- **WORK INSTRUCTIONS**
Since pictures are not part of the copy, please output only the lines from the one with "Bereits die vergangenen" through the end of the data below, exactly as written.

- **Items from a dataset**
○ ○ ○

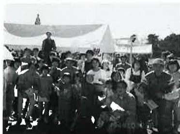
親子ゲームスタート
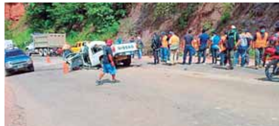
Los agentes de la Secretaría de Seguridad investigarán cuáles fueron las causas del accidente.
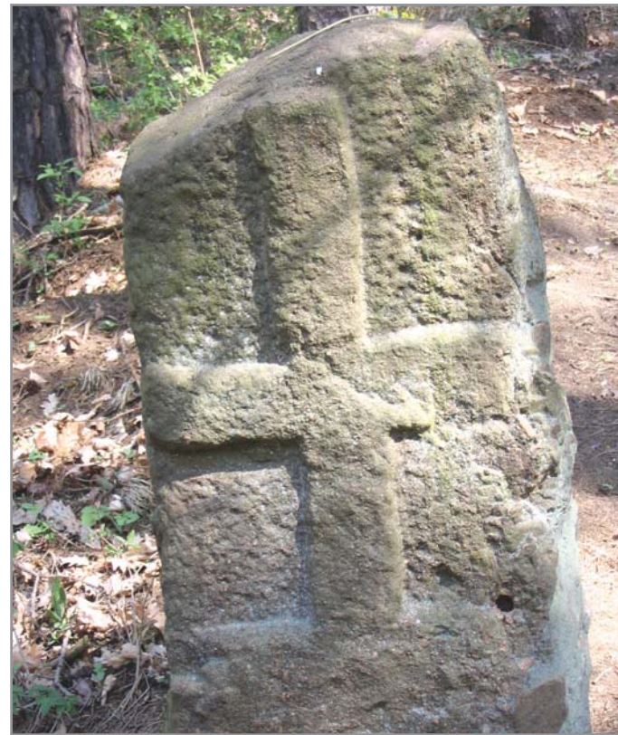
Francouzský kámen - zde zahynul voják Napoleonovy armády

Klub českých turistů, odbor Ivančice, pořádá každoročně rozloučení se starým rokem - výšlap do Čučic a zpět. Také 31. prosince 2016 se sešlo kolem 50 turistů, kteří měli sraz v Oslavanech na autobusovém nádraží a kolem 9. hodiny vyrazili směrem k Čučicím. Vodičkem byla zelená turistická značka, ale menší skupinky turistů volily cestu i mimo označenou trasu.
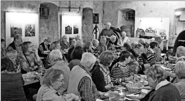
Bereits die vergangenen Jahre war der Mentonkeller gut gefüllt.
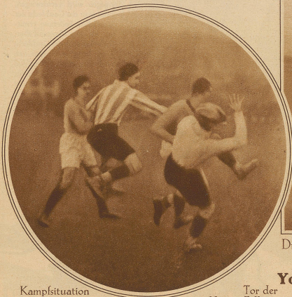
Kampfsituation vor dem
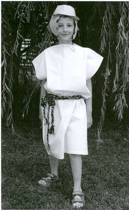
Fig. 2 L'habit ne fait pas le légionnaire

gratuites et des contes mythologiques les dimanches après-midi.

○ ○ ○

- **EXERCISE ANSWER**
Bereits die vergangenen Jahre war der Mentonkeller gut gefüllt.
Kampfsituation vor dem
Fig. 2 L'habit ne fait pas le légionnaire

gratuites et des contes mythologiques les dimanches après-midi.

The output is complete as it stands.